START Available records
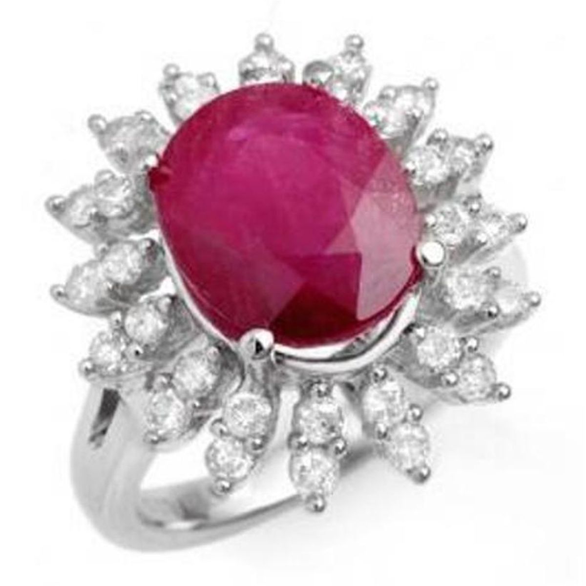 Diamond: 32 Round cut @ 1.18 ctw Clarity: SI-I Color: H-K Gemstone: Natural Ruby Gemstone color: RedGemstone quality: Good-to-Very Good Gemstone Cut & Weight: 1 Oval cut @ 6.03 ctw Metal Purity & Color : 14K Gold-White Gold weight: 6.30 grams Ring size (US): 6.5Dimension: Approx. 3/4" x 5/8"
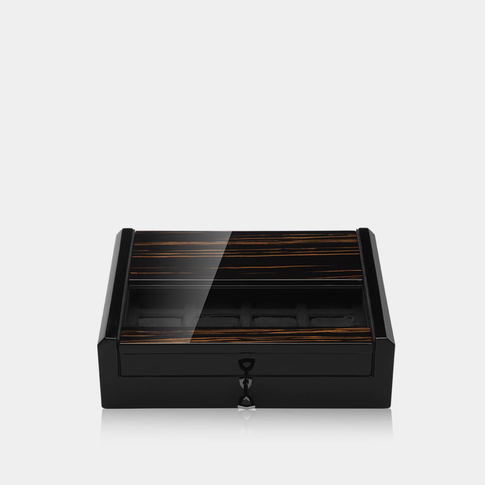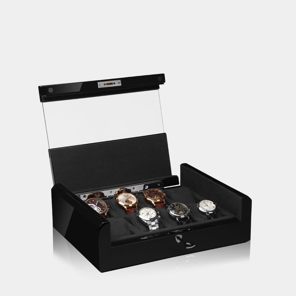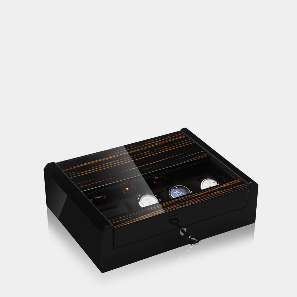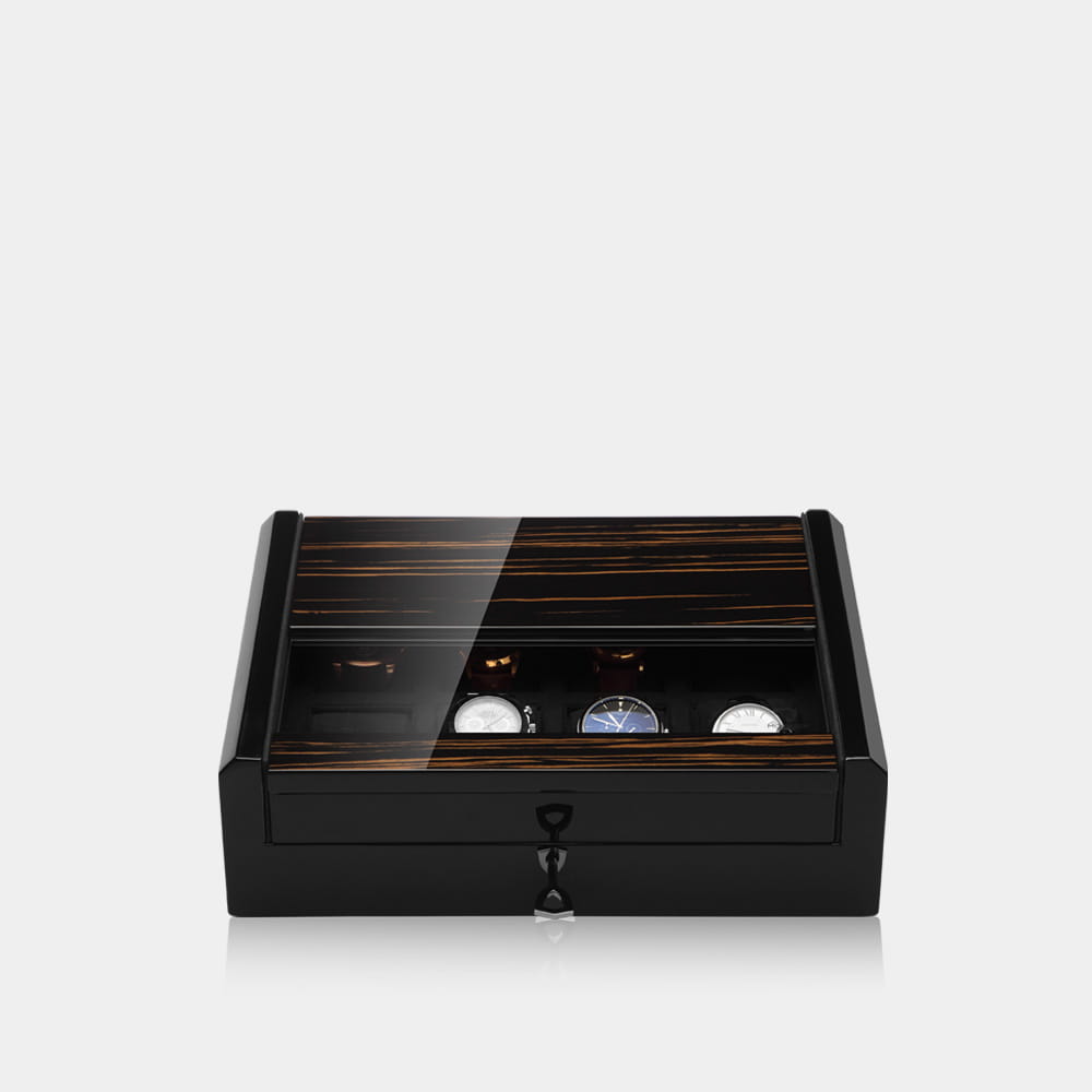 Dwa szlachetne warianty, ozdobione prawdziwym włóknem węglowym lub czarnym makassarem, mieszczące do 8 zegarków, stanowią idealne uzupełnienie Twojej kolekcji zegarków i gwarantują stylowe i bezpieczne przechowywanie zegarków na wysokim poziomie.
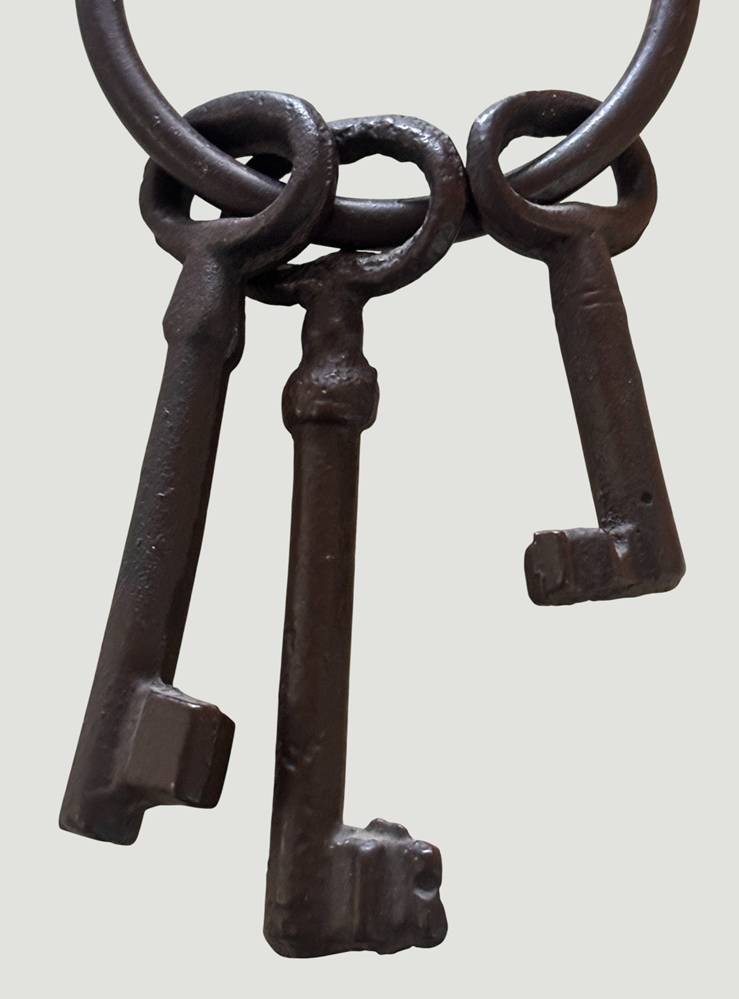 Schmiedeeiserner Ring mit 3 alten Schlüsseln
END Available records
START Available records
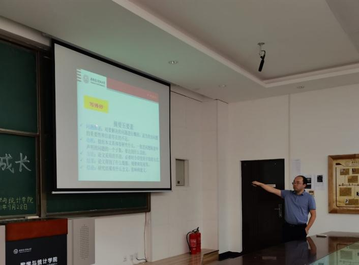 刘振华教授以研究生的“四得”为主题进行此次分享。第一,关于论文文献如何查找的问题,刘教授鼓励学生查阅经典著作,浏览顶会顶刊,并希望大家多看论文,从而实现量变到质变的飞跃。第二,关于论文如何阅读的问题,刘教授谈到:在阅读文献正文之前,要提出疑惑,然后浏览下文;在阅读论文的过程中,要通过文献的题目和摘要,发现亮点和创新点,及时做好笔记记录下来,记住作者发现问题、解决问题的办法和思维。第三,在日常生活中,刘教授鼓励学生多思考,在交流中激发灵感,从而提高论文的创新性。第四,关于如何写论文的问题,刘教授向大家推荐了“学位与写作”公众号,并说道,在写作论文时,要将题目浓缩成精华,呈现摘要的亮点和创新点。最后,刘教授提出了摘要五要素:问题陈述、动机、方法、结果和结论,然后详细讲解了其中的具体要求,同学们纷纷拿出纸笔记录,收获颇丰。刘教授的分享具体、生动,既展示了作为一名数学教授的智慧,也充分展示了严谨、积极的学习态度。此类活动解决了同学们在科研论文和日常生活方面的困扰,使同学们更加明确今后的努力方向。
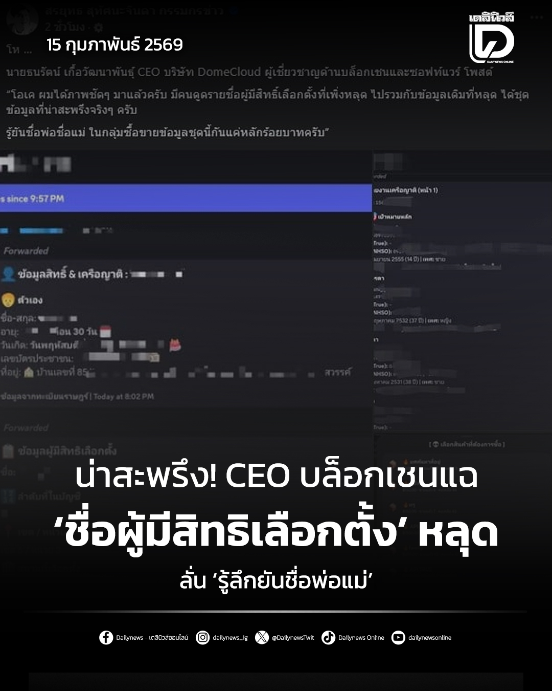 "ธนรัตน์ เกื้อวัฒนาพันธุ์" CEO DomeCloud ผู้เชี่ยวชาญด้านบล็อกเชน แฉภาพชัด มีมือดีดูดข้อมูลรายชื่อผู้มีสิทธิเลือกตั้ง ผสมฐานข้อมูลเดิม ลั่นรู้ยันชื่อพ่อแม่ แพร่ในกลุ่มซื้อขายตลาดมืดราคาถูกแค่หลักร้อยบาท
END Available records
### How to complete this task
Copy only this from above: the line containing "Dwa szlachetne warianty, ozdobione", the line containing "Schmiedeeiserner Ring mit 3 alten Schlüsseln", and all lines between, printed exactly. Leave out the pictures.

### Response to this exercise
 Dwa szlachetne warianty, ozdobione prawdziwym włóknem węglowym lub czarnym makassarem, mieszczące do 8 zegarków, stanowią idealne uzupełnienie Twojej kolekcji zegarków i gwarantują stylowe i bezpieczne przechowywanie zegarków na wysokim poziomie.
 Schmiedeeiserner Ring mit 3 alten Schlüsseln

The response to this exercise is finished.